Work request » From the first line to the last, repeat the records exactly and skip the pictures.

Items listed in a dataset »
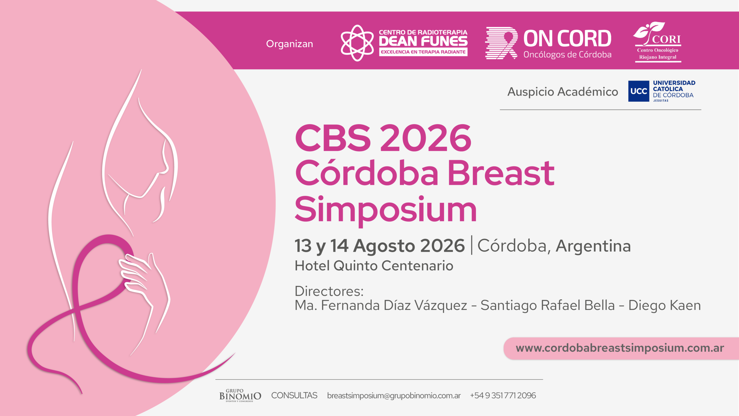 El Comité Organizador se complace en invitarte a formar parte del Córdoba Breast Simposium, un evento único que se llevará a cabo el 13 y 14 de agosto de 2026 en el Hotel Quinto Centenario, en la ciudad de Córdoba, Argentina.
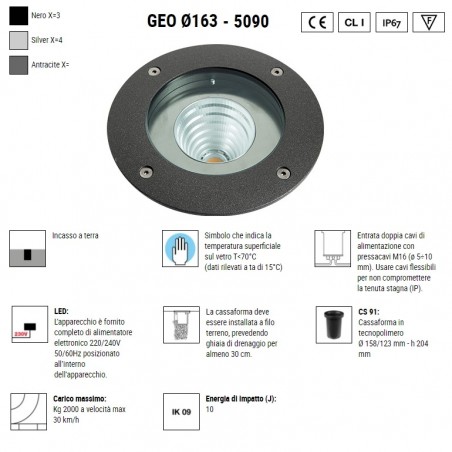 BOLUCE – Geo 163 è una lampada per esterno fornita di cassaforma per incasso a pavimento, disponibile in diversi colori, con COB LED integrato da 13,7w 3000K 2000lm o 4000K 2070lm e l'opportunità di scelta tra ottica da 16° 40° 74°. Geo 163 se istallata correttamente e secondo istruzioni di montaggio, ha un grado IP67 e vi permetterà di illuminare i vostri spazi esterni, il vostro giardino, il terrazzo, la veranda e il vostro outdoor.
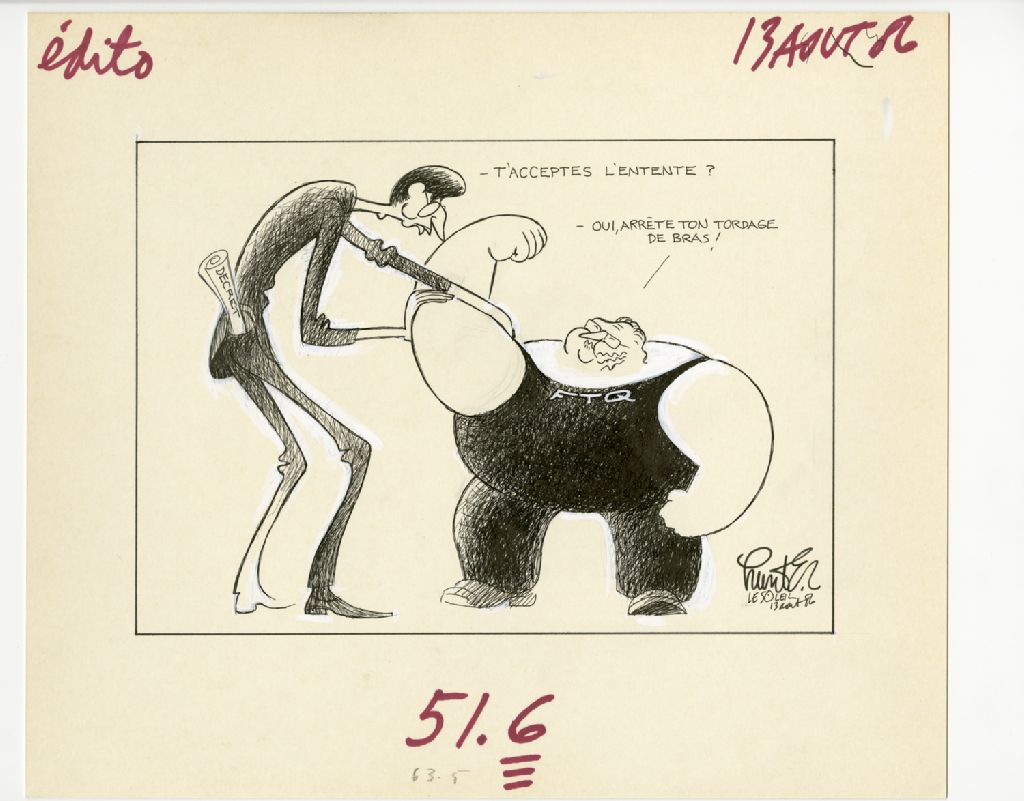 "T'acceptes l'entente?" "Oui, arrête ton tordage de bras!", 13 août 1986, Archives nationales à Québec, Fonds Raoul Hunter, (03Q,P716,S1,P86-08-13), Raoul Hunter.
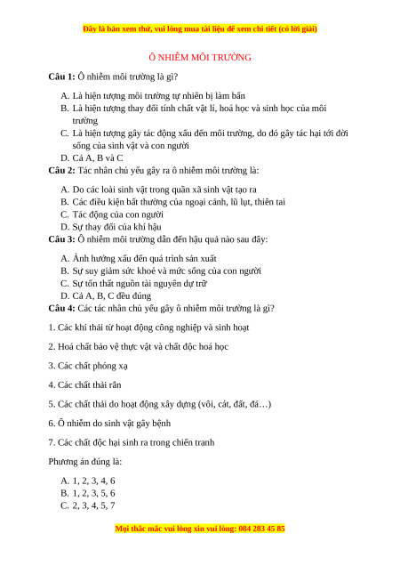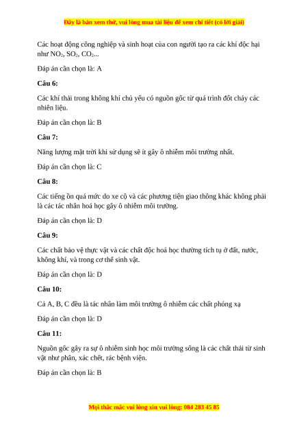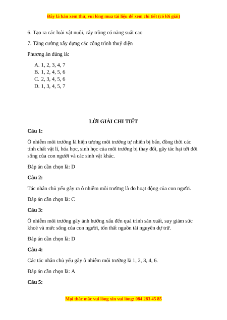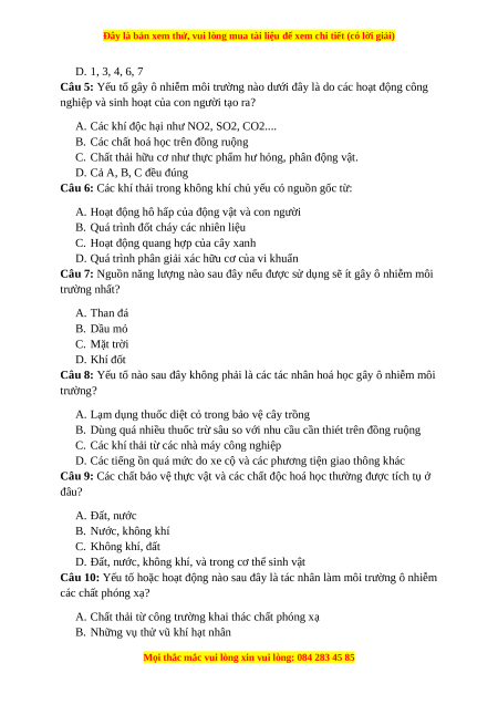 Các tác nhân chủ yếu gây ô nhiễm môi trường là 1, 2, 3, 4, 6. Đáp án cần chọn là: A Câu 5:
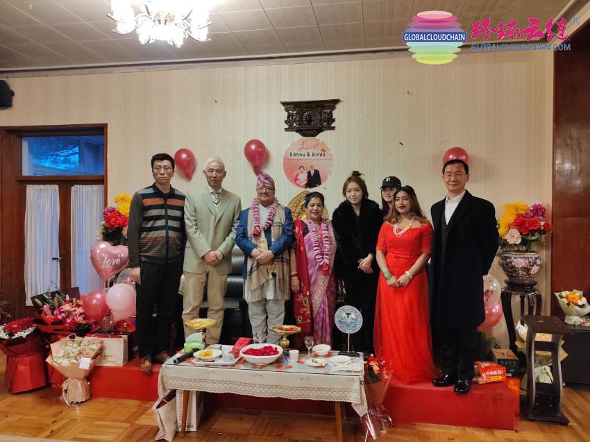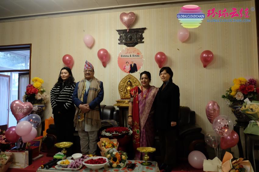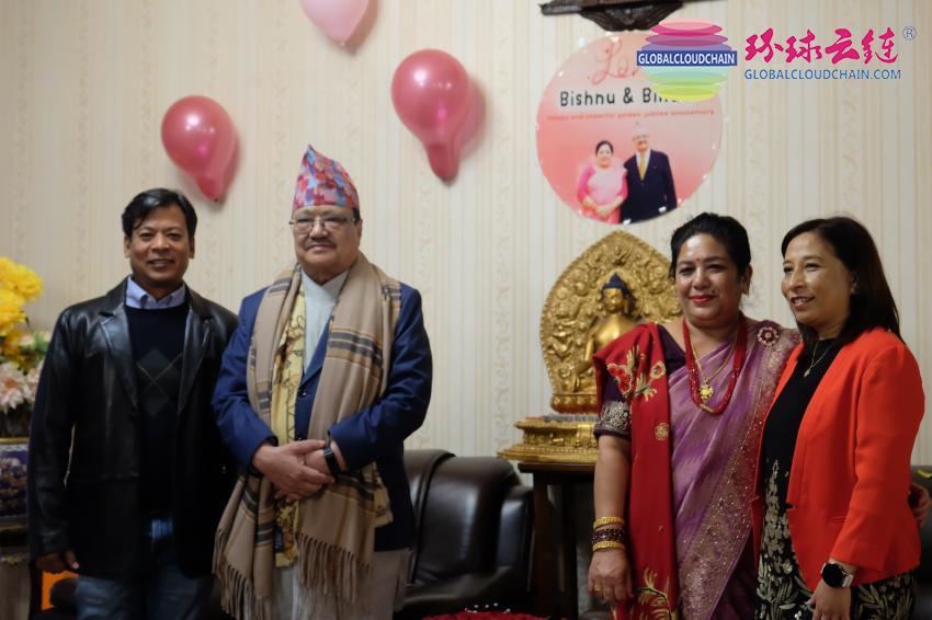 尼泊尔驻华大使和夫人的金婚纪念庆典现场,与年轻夫妇合影留念,期望未来更美好
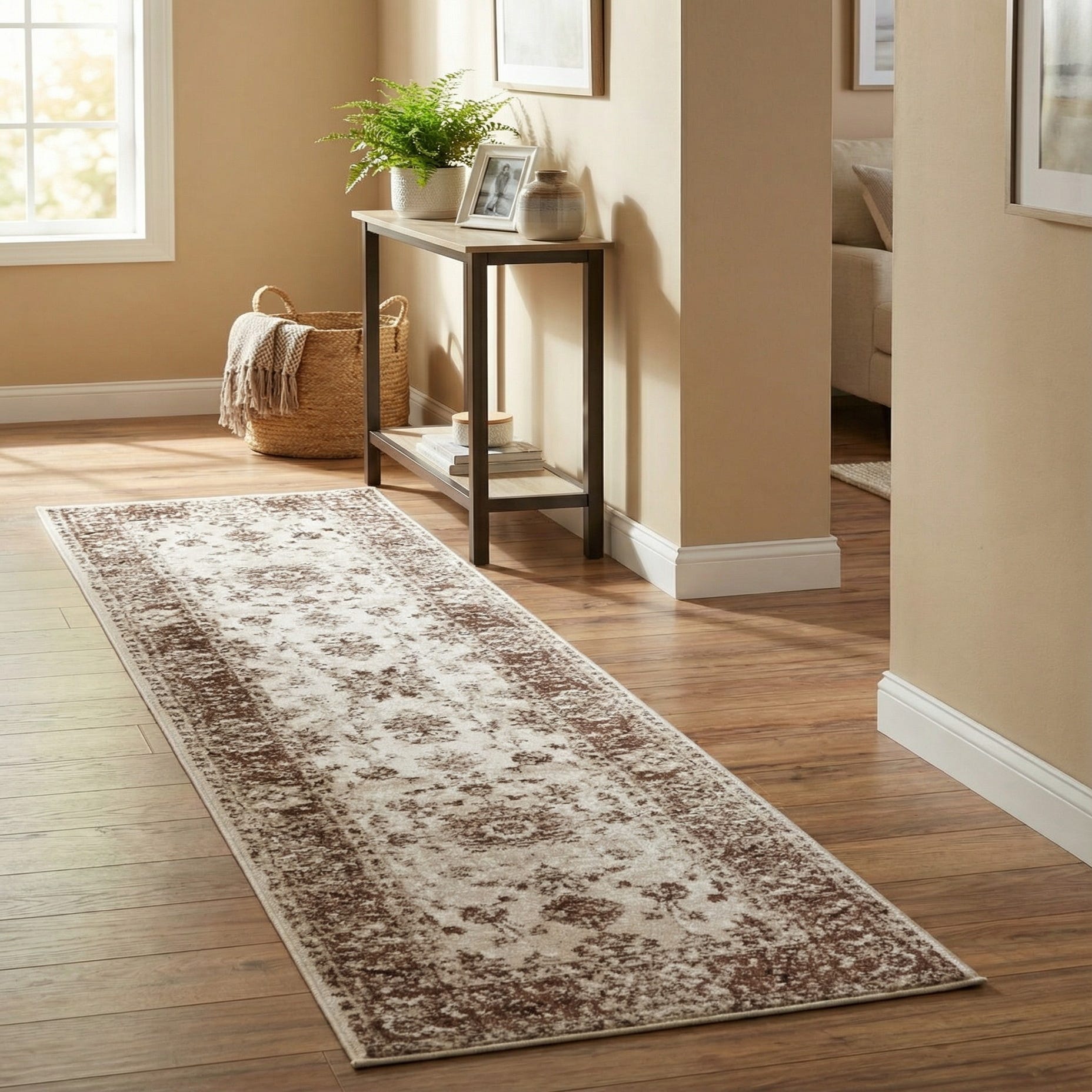 Primary color is Cream. Colors in this rug include: Cream, Beige, Brown, Light Brown.
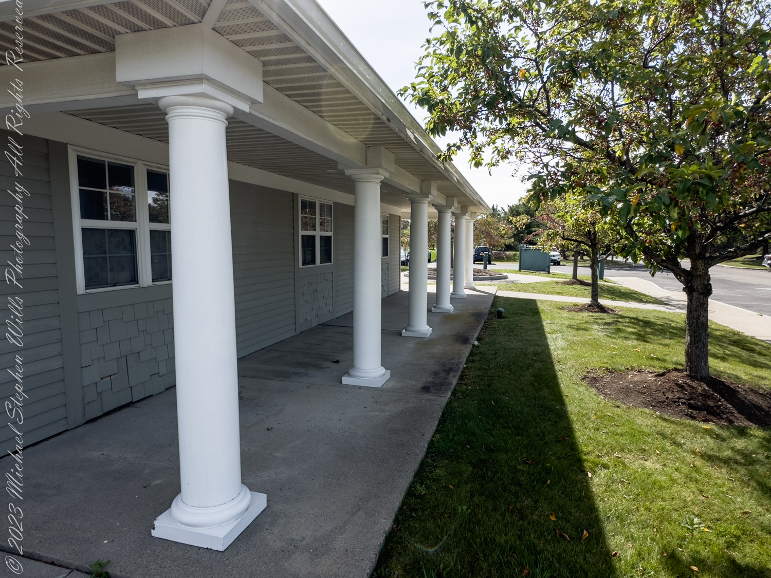 Standing in the cool autumn sunlight, I find myself pacing beneath the sturdy Doric columns of this medical campus in Northeast Ithaca, waiting as Pam undergoes another session of physical therapy. The simplicity of the columns strikes me—clean, white, and unadorned. They hold up the building with a kind of timeless grace, a quiet reflection of ancient design.
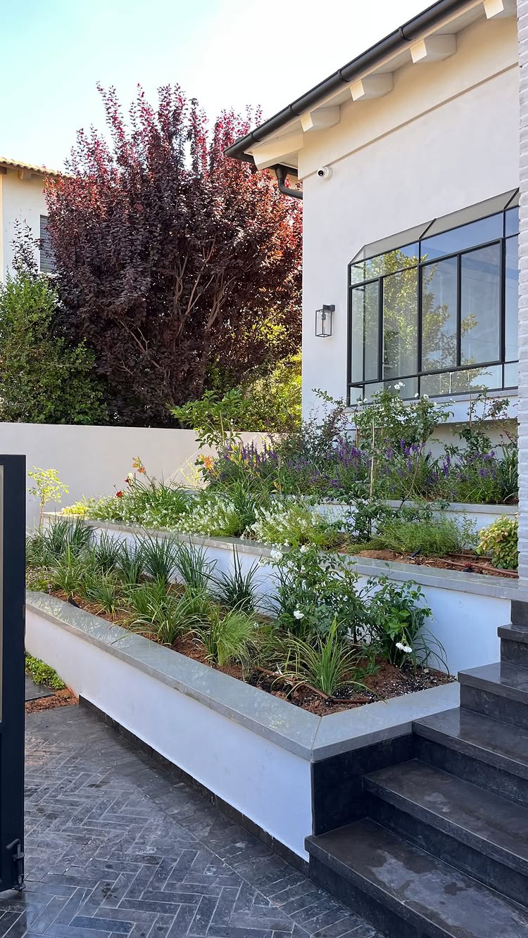 אם אתם מחפשים רעיונות לגינה ביתית שמרגישה כמו חופשה באירופה, זה הסגנון שלכם. כאן נמצא הרבה אבני מדרך טבעיות, עצי זית, ותבלינים כמו לבנדר ורוזמרין שמפיצים ריח משכר.
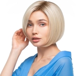 Modelka w niebieskim stroju prezentuje perukę w kolorze 24/60/8R.

Finished exercise »
 El Comité Organizador se complace en invitarte a formar parte del Córdoba Breast Simposium, un evento único que se llevará a cabo el 13 y 14 de agosto de 2026 en el Hotel Quinto Centenario, en la ciudad de Córdoba, Argentina.
 BOLUCE – Geo 163 è una lampada per esterno fornita di cassaforma per incasso a pavimento, disponibile in diversi colori, con COB LED integrato da 13,7w 3000K 2000lm o 4000K 2070lm e l'opportunità di scelta tra ottica da 16° 40° 74°. Geo 163 se istallata correttamente e secondo istruzioni di montaggio, ha un grado IP67 e vi permetterà di illuminare i vostri spazi esterni, il vostro giardino, il terrazzo, la veranda e il vostro outdoor.
 "T'acceptes l'entente?" "Oui, arrête ton tordage de bras!", 13 août 1986, Archives nationales à Québec, Fonds Raoul Hunter, (03Q,P716,S1,P86-08-13), Raoul Hunter.
 Các tác nhân chủ yếu gây ô nhiễm môi trường là 1, 2, 3, 4, 6. Đáp án cần chọn là: A Câu 5:
 尼泊尔驻华大使和夫人的金婚纪念庆典现场,与年轻夫妇合影留念,期望未来更美好
 Primary color is Cream. Colors in this rug include: Cream, Beige, Brown, Light Brown.
 Standing in the cool autumn sunlight, I find myself pacing beneath the sturdy Doric columns of this medical campus in Northeast Ithaca, waiting as Pam undergoes another session of physical therapy. The simplicity of the columns strikes me—clean, white, and unadorned. They hold up the building with a kind of timeless grace, a quiet reflection of ancient design.
 אם אתם מחפשים רעיונות לגינה ביתית שמרגישה כמו חופשה באירופה, זה הסגנון שלכם. כאן נמצא הרבה אבני מדרך טבעיות, עצי זית, ותבלינים כמו לבנדר ורוזמרין שמפיצים ריח משכר.
 Modelka w niebieskim stroju prezentuje perukę w kolorze 24/60/8R.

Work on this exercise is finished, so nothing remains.